[Lincoln, Abraham]. The First Conspiracy to Assassinate Abraham Lincoln, Breaking News in The New York Herald, 1861
The New York Herald
New York, Sunday Morning, February 24, 1861. Whole No. 8934. Printed newspaper. Folio. 8 pp. Creasing from old folds; separations along center vertical fold, some repairs to same.
Breaking front-page news of a conspiracy to prevent President-elect Abraham Lincoln from assuming the presidency: "Startling Intelligence" of the "Alleged Plot to Assassinate Him" and his "Sudden Departure" for Washington, D.C.
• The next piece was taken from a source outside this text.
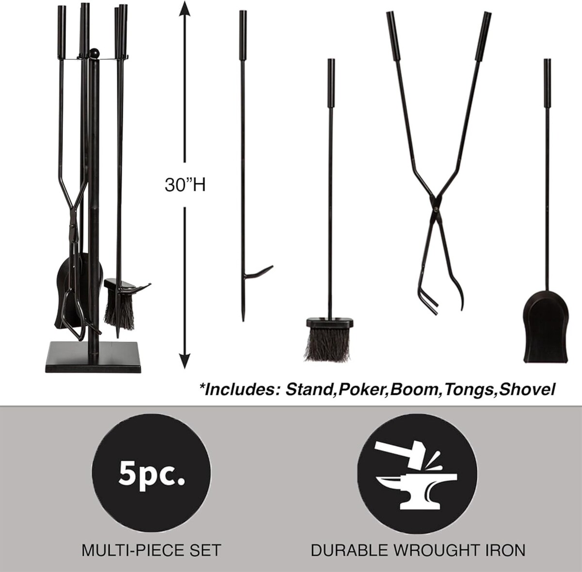 Items Included: Brush,Shovel,Stand,Tongs,Poker

A special dispatch from Harrisburg, dated the day prior, reports, "the city was startled just now by a rumor that Mr. Lincoln had left by a special train...Two hours before the Herald reporter obtained the facts, but was kept locked in a room, unable to use them, until half an hour before this despatch was written. The details of the whole affair were obtained by him...In brief, Mr. Lincoln, the President elect, left Harrisburg secretly at six o'clock last evening, took a special train over the Pennsylvania Central Railroad to Philadelphia, thence took a special train to Washington...The reason for this movement, so extraordinary and unprecedented, is that Mr. Lincoln's friends believe, from information acquired--I am not permitted to tell how--that if he carried out his programme, and left by special train at nine this morning, the train would either be run off an embankment, blown up by grenades placed beneath the track, or some way destroyed...or that, this failing, Mr. Lincoln would be mobbed and assassinated in Baltimore..." Further dispatches report more detail on Lincoln's hurried and secret journey from Harrisburg to Washington, D.C.: reporting his arrival in Baltimore on February 23 in disguise ("Mr. Lincoln arrived here at eight o'clock, incog., and went direct to Washington"), and then his arrival in Washington later that day, where he was received by President Buchanan and other delegations.
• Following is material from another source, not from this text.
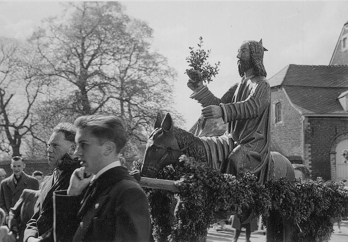 Links vind je een foto van redelijk lang geleden, met de orgininele palmezel. Heeft Jezus daar geen umbrakel op het hoofd ?
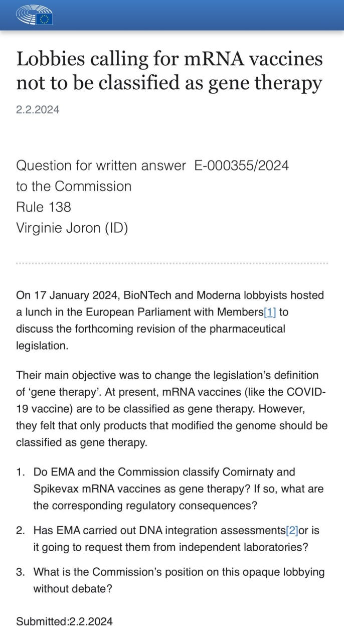 - Parliamentary question | Lobbies calling for mRNA vaccines not to be classified as gene therapy | E-000355/2024 | European Parliament (europa.eu)

On page four is printed Lincoln's February 22 speech in Philadelphia at Independence Hall, stating "that all the political sentiments I entertain have been drawn, so far as I have been able to draw them, from the sentiments which originated and were given to the world from this hall. I have never had a feeling politically that did not spring from the sentiments embodied in the Declaration of Independence..."
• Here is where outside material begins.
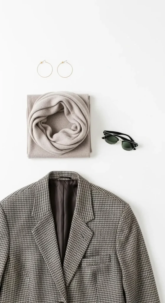 [Image Prompt] A minimalist flat-lay of budget-friendly chic items: gold hoops, a neutral scarf, classic sunglasses, and a thrifted blazer on a white background.
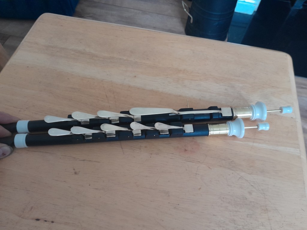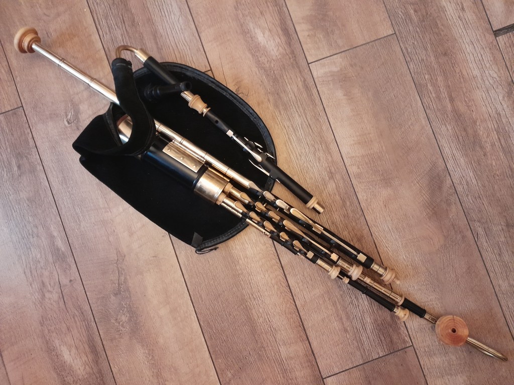Uilleann pipes made by Tommy Martin in Kilsallaghan, County Dublin.

Detective Allan Pinkerton, operating undercover in Baltimore during the two weeks before Abraham Lincoln's inauguration, uncovered a plot to assassinate the President-elect as he passed through the city en route to Washington, D.C. Pinkerton's investigation began after Moses Felton, an executive of the Pennsylvania, Wilmington, and Baltimore Railroad, hired him to investigate rumors that secessionists planned to sabotage his rail lines. Disguised as a wealthy Southern stockbroker, Pinkerton infiltrated local business circles and discovered a secret secessionist group led by Cypriano Ferrandini, a Corsican barber. On February 21, Pinkerton informed Lincoln of the threat. Lincoln initially hesitated, insisting first on a public stop in Harrisburg and then Philadelphia before altering his route. On the night of February 22, he agreed to a covert passage. Disguised in a shawl and accompanied by Pinkerton and others, Lincoln secretly traveled by an overnight train through Baltimore under the cover of darkness. To prevent news of his movement from spreading, the group cut telegraph lines along the route. They successfully arrived in Washington unscathed and unrecognized at dawn on February 23, prompting Lincoln to remark upon exiting the train, "Well, boys, thank God this prayer-meeting is over."
This lot is located in Philadelphia.